I am reading A.J. Juliani’s book, Learning by Choice: 10 Ways Choice and Differentiation Create An Engaged Learning Experience for Every Student. (Juliani, A.J. (2015-04-01) (Kindle Locations 1708-1709). Press Learn. Kindle Edition. )
Juliani’s work is driven by this belief:
We need to let students choose as much of their learning path as possible.
In the first chapter, Juliani explores giving students choices in “what they are learning”. His personal experiences with 20% time mirror those that I shared in an earlier blog where teachers were implementing Genius Hour. One of his points, which really resonated with me, was that because students select areas of study that were not his (teacher) area of expertise, the teacher is forced to teach how to learn rather than teaching the answers.

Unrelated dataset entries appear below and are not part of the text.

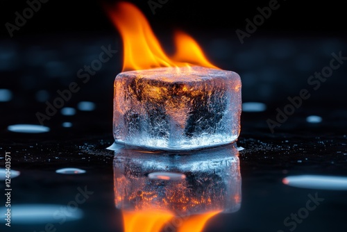Ice cube burns with bright flames against a dark background creating a striking visual contrast
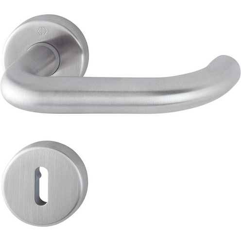 Das Modell bietet ein schlichtes Design und hohe Funktionalität in einem. Durch den Verzicht auf jedes dekorative Detail wird die moderne, klassische Optik der Garnitur nochmals betont. Die klammerartige Form der Klinke und das Richtung Tür weisende Ende sorgen für einen sicheren Griff. Zusätzlich verleiht die mattierte Edelstahlbeschichtung dem Set eine robuste Oberfläche.
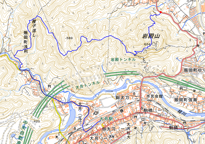 お後は普通に歩いて大月駅まで戻ってきましたが、大月の街は川筋から一段高い所にあるんですね。

Mihaly-Csikszentmihalyi suggests that intrinsic learning which would be encouraged through choice is likely to have the learner keep going in a lifelong learning mode. With concentration, clear goals, and feedback, there is the feeling that what you can do is more or less in balance with what needs to be done….. a flow experience. Without an extrinsic reward the experience itself is rewarding. (Mihaly Csikszentmihalyi: Motivating People to Learn | Edutopia) Increasing students’ opportunities with flow should be an instructional design goal.
George Couros writes connecting choice and flow when he describes the goal of moving classrooms from compliance and engagement to empowerment:
So if we want to get to this idea of “empowering” our students, we are not going to have to be the “sage on the stage” or the “guide at the side”, but “architects of meaningful learning opportunities”. Understanding our students, their interests, abilities, and strengths, will help us better design learning that gets them to, as Mihaly Csikszentmihalyi describes, a state of “flow“. (The Principal of Change- George Couros)
Additional chapters in Learning By Choice explore choice:
in how we learn
in communication (and relationships)
in pace and order
in story and presentation
and what to do when students struggle with choice
When exploring engagement Juliani raises three questions which I would encourage instructional coaches and principals to consider:
What type of attitude does the student have towards the learning activity? What is the evidence?
What level of attention does the student have towards the learning activity? What is the evidence?
What level of commitment does the student have towards the learning activity? What is the evidence?
These are also great questions for PLC reflection among teachers who are teaching the same course content. It would be great to add observations in each other’s classrooms and input from students during a unit of study. The goal would be seeking ways to add choice to positively impact attitude, attention, and commitment thus increasing learning outcomes.
I believe these conversations should have increasing importance as educators focus more on learning than on teaching. As architects of “meaningful learning opportunities” we need to be assessing students engaged in the learning in order to judge our success. By building increased choice into our schools and classrooms we can encourage students to increase their role in the architecture of learning designs.